Dataset section |

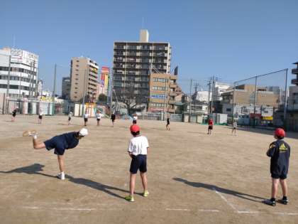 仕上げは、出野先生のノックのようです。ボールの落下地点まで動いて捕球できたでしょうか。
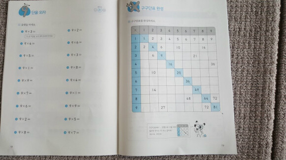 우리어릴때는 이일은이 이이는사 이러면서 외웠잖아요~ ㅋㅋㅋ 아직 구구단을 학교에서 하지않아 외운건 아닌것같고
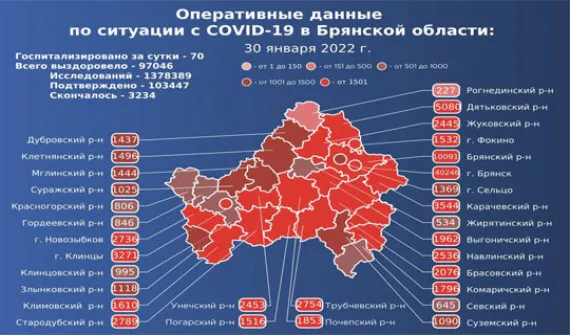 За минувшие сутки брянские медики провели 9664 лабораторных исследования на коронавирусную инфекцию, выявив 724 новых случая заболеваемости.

Problem details |
Starting at the line that contains "우리어릴때는 이일은이 이이는사", transcribe every line through the end of the listing exactly, including both end lines and excluding pictures.

Response to the exercise |
 우리어릴때는 이일은이 이이는사 이러면서 외웠잖아요~ ㅋㅋㅋ 아직 구구단을 학교에서 하지않아 외운건 아닌것같고
 За минувшие сутки брянские медики провели 9664 лабораторных исследования на коронавирусную инфекцию, выявив 724 новых случая заболеваемости.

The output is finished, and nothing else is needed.